Wed, 03/03/2010 - 05:28 | 252056 chindit13
chindit13's picture

Guess it depends on what the definition of fundamentals is.  On a fair value basis I suspect WFC is priced correctly somewhere well below zero, and in a fair and just world anyone contributing to its fraudulent bookkeeping would face hard time.  On the other hand, a major holder/buyer of the stock is enough of a mercenary that he could get blood out of a vampire squid, plus he has enough connections to arrange whatever bailout the bank might (will) need.  Those are not the kind of fundamentals that add to the stock's inherent value, but they do make its price rise.  I guess an appropriate analogy is that one need not love a women to be able to perform with her in a conjugal sense.

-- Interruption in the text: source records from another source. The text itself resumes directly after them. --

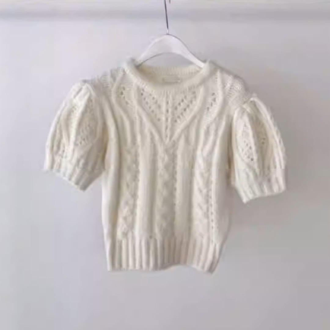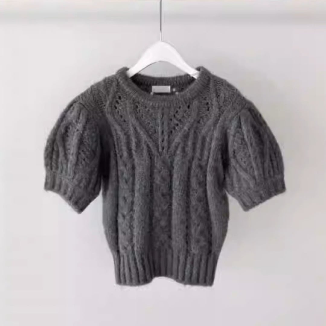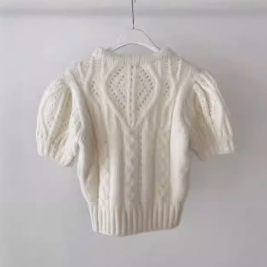 一枚で旬のコーディネートが完成する、パフスリーブ半袖ケーブルニットセーター。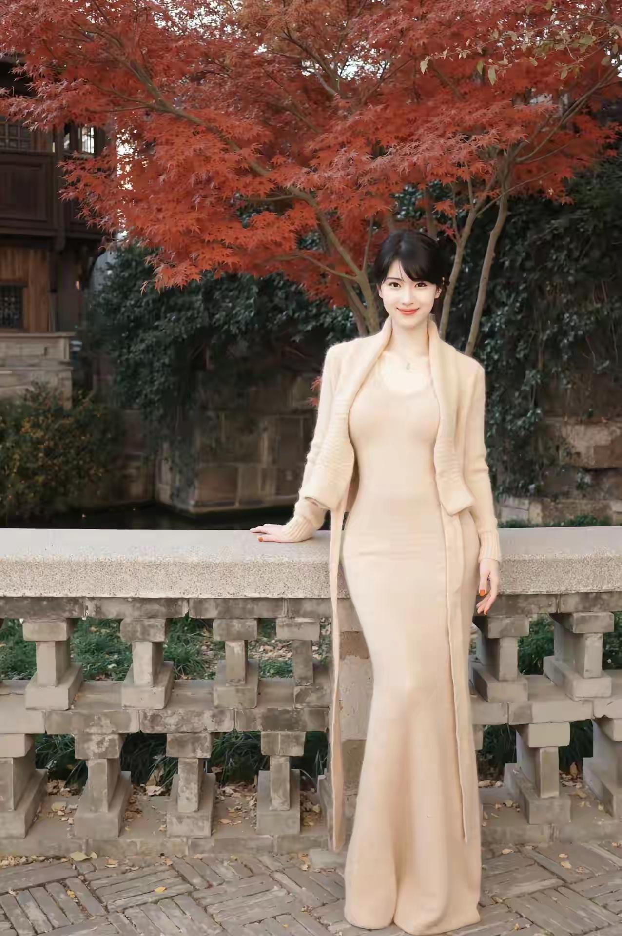 温柔粉毛衣搭配米色头巾,优雅又舒适!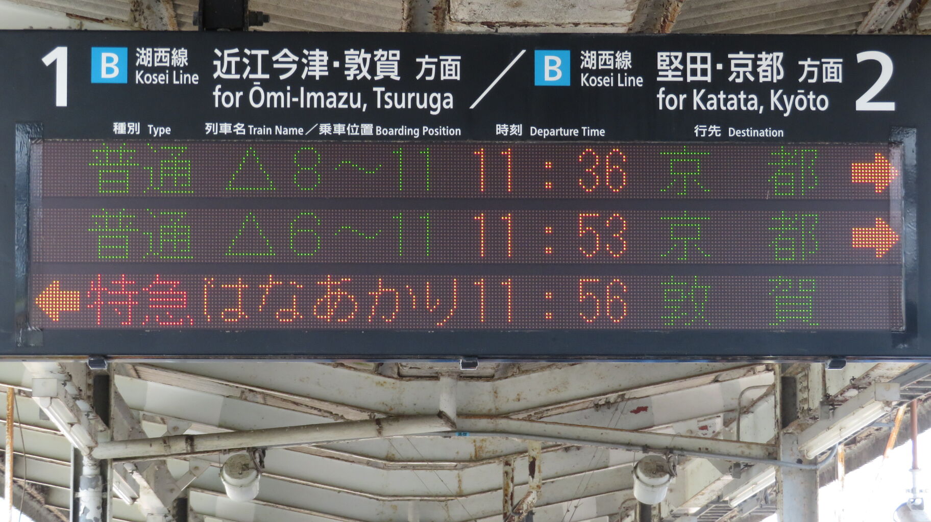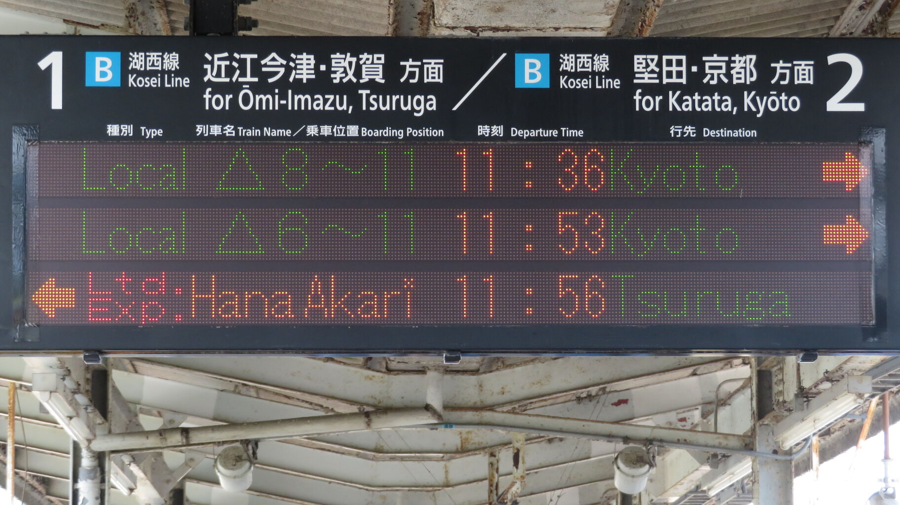 次に発車する京都方面・敦賀方面の列車が、左右どちらのホームから発車するかを示すものです。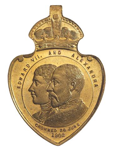 At centre, within line circle conjoined busts of Edward VII and Queen Alexandra; around, EDWARD VII AND ALEXANDRA 0; below, CROWNED 26 JUNE / 1902. Struck on a shield shaped flan with a crown and loop at the top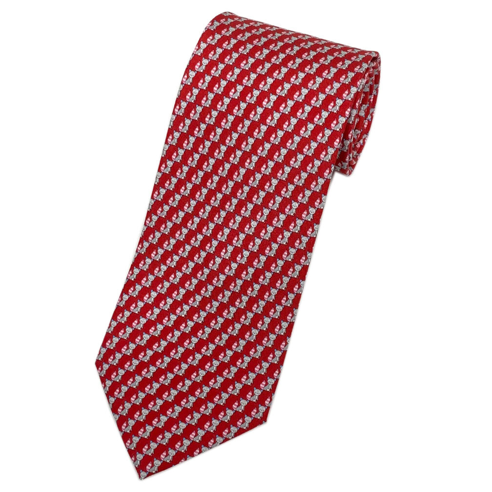 - 未使用 フェラガモ ブランド ネクタイ サルヴァトーレ・フェラガモ シルク 100% アニマル レッド ライトグレー 赤 41213

Wed, 03/03/2010 - 21:05 | 253118 Anonymous
Anonymous's picture

So True!!!

Wed, 03/03/2010 - 21:26 | 253139 Anonymous
Anonymous's picture

What would be interesting to see is an estimate of the total losses WFC will endure versus how much they are likely to make given that short term interest rates will stay low for the next several years. Even if no new loans are made would the existing book, or what's left of it after defaults, eventually break even and if so, how long will this take?

The ironic thing is that the more folks talk about inflation which helps to keep long rates high, the more money the banks will make. If deflation becomes the concern and long rates fall, it would be a nice mark to market positive for the banks existing book. Either way they make out fine as long as they can outlast the current losses.